The Iowa gambling task (IGT) is an instrument for the neuropsychological evaluation of
cognitive and emotional decision making (DM) processes that was created to test the
somatic marker hypothesis (SMH) described by Damasio in 1994. It was initially applied
to patients with frontal lobe lesions due to its association with executive functions but
was subsequently used on patients with a variety of disorders. Although the DM process
is inherently perceptual, few studies have applied the IGT to examine DM processes in
patients with eating disorders (EDs), and even fewer have associated the IGT to the
perceptual distortion of body image (PDBI) in this population. People diagnosed with ED
exhibit heightened control over their somatic responses—for example, they can delay
digestion for hours—and DM may be affected in this condition. This study compares the
performance of two samples of adolescent women—hospitalized patients with ED, and
healthy controls with similar demographic characteristics—on the IGT using body image
as a possible factor in the SMH. Seventy-four women with a mean age of 14.97 years
(SD = 2.347) participated.
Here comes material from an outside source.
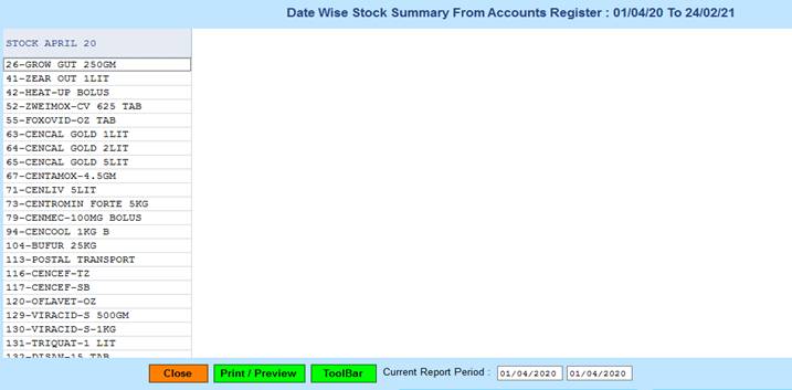 Reports->Inventory/Stock&Account Reports->Accounts-> Account Book -> All Advance Register ->Date Wise Stock Summary.

To analyze their body self-image, we used the figure-rating
scale and compared the results with their body mass index (BMI). Correlations between
indices of the IGT and distortion in body image were then explored. The results revealed
significant differences between the groups in terms of evolving performance on the
partial IGT. Patients with ED performed worse than their healthy counterparts in the
last 40 trials and exhibited greater distortions in their body image, especially in terms of
overestimation. Indices of these distortions were negatively correlated with the total IGT.
These results are compatible with the SMH because they suggest that patients with ED
evinced blindness with regard to the future, as described by their authors. In addition,
a negative correlation was found between the IGT and PDBI, showing that a more
distorted body image was associated with lower IGT, that is, more disadvantageous
or riskier decisions were made by the subjects with more distortion.